Strategies for radiology departments in handling the COVID-19 pandemic

Muhammad Aminuddin Ashari 1, Isa Azzaki Zainal 1, Faizah Mohd Zaki 1
PMCID: PMC7360087  PMID: 32352915

Abstract

The world is facing an unprecedented global pandemic in the form of the coronavirus disease 2019 (COVID-19) which has ravaged all aspects of life, especially health systems. Radiology services, in particular, are under threat of being overwhelmed by the sheer number of patients affected, unless drastic efforts are taken to contain and mitigate the spread of the virus. Proactive measures, therefore, must be taken to ensure the continuation of diagnostic and interventional support to clinicians, while minimizing the risk of nosocomial transmission among staff and other patients. This article aims to highlight several strategies to improve preparedness, readiness and response towards this pandemic, specific to the radiology department.
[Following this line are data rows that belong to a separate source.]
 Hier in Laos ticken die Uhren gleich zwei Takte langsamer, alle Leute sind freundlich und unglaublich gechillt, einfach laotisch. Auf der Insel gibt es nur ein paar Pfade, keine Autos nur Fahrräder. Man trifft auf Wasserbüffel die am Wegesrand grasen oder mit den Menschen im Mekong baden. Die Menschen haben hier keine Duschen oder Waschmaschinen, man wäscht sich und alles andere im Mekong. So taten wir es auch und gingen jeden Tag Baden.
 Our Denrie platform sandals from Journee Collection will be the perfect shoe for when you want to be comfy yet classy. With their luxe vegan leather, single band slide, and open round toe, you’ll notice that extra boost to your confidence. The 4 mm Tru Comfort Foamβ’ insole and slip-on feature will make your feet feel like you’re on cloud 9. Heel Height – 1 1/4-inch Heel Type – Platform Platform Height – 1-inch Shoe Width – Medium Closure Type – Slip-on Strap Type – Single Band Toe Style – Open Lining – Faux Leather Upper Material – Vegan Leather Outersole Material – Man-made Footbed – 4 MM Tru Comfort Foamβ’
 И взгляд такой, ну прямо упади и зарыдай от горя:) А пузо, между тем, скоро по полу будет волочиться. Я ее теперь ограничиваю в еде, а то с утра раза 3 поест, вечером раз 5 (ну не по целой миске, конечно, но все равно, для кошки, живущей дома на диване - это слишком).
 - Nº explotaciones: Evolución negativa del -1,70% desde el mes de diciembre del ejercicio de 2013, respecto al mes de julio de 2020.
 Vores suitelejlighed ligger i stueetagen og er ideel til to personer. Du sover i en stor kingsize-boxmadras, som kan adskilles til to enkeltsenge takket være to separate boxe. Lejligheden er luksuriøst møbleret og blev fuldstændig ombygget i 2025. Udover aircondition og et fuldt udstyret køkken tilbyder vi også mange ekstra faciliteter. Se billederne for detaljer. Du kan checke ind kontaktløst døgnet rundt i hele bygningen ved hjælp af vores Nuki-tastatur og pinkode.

The coronavirus disease 2019 (COVID-19) outbreak has been declared a global pandemic by the World Health Organization (WHO) (1), causing unprecedented strain on all aspects of life, especially healthcare systems. At the time of writing, there are already more than 1.7 million confirmed cases worldwide, with the United States of America accounting for one third of those cases. The worst-case scenario from a public health perspective is an overwhelming number of patients getting infected by the virus, leading to collapse of healthcare services.
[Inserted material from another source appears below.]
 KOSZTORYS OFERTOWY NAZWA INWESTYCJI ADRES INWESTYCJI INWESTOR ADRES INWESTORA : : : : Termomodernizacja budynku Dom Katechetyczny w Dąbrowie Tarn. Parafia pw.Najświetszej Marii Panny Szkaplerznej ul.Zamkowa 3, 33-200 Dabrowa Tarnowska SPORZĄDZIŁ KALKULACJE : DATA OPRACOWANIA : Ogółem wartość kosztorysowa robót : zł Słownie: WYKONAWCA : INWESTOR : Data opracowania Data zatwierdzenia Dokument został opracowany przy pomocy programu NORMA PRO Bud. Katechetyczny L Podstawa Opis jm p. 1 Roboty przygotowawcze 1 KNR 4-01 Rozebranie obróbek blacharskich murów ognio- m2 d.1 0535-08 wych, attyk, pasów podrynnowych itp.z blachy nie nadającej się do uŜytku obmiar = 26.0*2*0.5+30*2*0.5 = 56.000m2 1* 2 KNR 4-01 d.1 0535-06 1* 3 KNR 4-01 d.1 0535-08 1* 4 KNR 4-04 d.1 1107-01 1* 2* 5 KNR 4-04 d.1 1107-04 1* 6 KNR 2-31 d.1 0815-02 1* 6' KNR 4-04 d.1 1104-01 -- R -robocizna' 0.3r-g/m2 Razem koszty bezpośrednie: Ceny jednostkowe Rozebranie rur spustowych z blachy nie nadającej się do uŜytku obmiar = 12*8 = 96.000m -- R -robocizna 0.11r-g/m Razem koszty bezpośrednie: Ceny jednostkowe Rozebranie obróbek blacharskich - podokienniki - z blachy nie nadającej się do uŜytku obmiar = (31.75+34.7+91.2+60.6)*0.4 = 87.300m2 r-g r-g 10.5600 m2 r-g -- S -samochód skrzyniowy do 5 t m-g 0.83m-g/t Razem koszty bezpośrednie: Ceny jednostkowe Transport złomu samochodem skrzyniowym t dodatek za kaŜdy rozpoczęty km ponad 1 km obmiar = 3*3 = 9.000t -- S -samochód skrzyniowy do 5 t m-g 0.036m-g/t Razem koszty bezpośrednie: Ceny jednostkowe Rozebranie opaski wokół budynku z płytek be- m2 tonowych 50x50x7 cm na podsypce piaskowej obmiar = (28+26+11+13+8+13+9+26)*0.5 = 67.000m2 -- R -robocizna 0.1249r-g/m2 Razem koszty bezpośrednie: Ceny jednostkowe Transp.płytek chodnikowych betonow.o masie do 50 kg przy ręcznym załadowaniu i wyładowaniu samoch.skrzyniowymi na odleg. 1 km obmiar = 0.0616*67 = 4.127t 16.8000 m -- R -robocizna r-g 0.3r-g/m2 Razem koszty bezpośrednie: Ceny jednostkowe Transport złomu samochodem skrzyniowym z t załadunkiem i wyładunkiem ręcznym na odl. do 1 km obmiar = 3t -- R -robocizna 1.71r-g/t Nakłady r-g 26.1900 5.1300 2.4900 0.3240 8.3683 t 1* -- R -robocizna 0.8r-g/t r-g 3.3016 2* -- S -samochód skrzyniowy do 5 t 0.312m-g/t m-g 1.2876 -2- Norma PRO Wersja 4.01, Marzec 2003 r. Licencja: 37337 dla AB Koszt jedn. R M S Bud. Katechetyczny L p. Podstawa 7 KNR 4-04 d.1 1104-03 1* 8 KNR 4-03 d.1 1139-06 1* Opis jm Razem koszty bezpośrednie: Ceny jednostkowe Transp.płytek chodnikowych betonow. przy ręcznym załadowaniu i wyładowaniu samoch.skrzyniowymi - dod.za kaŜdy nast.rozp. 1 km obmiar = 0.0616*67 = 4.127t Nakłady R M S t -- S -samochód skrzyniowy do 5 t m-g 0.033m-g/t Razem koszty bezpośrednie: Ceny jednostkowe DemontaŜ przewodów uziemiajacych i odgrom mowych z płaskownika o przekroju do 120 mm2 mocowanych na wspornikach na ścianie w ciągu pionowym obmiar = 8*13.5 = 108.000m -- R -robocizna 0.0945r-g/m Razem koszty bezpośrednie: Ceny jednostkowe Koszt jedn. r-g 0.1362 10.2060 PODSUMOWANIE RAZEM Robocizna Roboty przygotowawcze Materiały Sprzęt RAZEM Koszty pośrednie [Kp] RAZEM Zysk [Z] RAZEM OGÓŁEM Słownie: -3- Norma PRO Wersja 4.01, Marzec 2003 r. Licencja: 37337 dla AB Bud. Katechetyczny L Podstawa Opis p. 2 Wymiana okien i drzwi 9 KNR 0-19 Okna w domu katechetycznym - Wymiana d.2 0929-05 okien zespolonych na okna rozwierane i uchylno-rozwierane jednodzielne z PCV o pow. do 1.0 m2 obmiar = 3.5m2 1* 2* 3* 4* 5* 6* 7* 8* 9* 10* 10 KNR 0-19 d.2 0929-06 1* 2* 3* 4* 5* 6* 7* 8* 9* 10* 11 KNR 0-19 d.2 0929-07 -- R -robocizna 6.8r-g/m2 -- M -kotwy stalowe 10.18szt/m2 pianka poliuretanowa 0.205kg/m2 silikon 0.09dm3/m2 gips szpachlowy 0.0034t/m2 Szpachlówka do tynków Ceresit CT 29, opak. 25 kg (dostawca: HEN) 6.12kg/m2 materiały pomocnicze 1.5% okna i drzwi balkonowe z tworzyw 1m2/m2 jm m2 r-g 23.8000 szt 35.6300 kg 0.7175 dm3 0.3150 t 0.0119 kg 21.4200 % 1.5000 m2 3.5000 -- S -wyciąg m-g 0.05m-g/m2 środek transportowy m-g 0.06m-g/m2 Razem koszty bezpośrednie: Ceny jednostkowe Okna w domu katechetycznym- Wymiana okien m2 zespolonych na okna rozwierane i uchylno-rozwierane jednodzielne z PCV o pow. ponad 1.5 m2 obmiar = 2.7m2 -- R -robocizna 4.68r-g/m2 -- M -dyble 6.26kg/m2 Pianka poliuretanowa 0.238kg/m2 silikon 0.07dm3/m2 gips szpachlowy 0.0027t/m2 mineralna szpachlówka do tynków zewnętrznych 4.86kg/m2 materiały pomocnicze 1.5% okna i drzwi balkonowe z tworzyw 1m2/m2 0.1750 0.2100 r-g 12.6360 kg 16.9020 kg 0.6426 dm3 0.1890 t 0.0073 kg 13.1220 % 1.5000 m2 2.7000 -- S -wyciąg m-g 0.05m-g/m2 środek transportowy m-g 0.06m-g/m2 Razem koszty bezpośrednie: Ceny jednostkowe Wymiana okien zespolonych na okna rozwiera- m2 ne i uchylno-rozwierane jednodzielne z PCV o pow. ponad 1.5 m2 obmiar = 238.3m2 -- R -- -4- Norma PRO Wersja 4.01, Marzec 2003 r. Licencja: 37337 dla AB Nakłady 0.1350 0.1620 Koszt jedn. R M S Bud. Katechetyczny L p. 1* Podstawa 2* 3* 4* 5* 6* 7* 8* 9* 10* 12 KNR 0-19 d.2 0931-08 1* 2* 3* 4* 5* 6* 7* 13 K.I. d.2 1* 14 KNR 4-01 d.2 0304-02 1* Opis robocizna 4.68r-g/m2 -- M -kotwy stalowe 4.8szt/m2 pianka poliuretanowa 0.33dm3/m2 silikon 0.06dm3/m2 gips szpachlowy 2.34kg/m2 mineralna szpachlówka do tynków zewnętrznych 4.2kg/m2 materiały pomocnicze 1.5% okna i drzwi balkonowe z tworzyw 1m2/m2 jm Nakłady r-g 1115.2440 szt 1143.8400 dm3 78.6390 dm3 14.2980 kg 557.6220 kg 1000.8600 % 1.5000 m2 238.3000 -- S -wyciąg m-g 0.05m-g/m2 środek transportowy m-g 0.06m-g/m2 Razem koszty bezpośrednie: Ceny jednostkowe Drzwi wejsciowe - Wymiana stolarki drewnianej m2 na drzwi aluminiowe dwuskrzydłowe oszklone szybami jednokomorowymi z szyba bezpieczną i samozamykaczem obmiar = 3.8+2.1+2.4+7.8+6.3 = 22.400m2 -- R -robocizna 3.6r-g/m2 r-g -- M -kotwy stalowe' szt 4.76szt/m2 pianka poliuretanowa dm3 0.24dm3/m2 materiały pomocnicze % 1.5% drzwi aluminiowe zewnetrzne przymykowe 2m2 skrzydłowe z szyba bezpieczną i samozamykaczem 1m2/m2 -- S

Although policies and strategies in handling this crisis vary between countries and institutions, there should be synchronized objectives to: 1) slow and stop transmission, prevent outbreaks, and delay spread; 2) provide optimized care for all patients, especially the seriously ill; and 3) minimize the impact of the epidemic on health systems, social services, and economic activity (2).

The radiology department is an essential component of the healthcare system in providing diagnostic imaging and interventional expertise to other specialties. Due to the unpredictability of the situation, drastic changes must be taken to ensure that the department continues to function throughout the course of the outbreak, catering for both COVID-19 and other patients, while minimizing the risk of staff contracting the disease. This article highlights some of the strategies adopted by different radiology departments around the world to improve preparedness, readiness and response towards this pandemic (3).

Centralized task force

Many institutions and hospitals have formed centralized task forces at multiple operational levels to handle this crisis (4). At the radiology department level, roles of this task force include:

  • Setting up department policies, strategies and developing standard operating procedures (SOP) based on local, national, and international guidelines.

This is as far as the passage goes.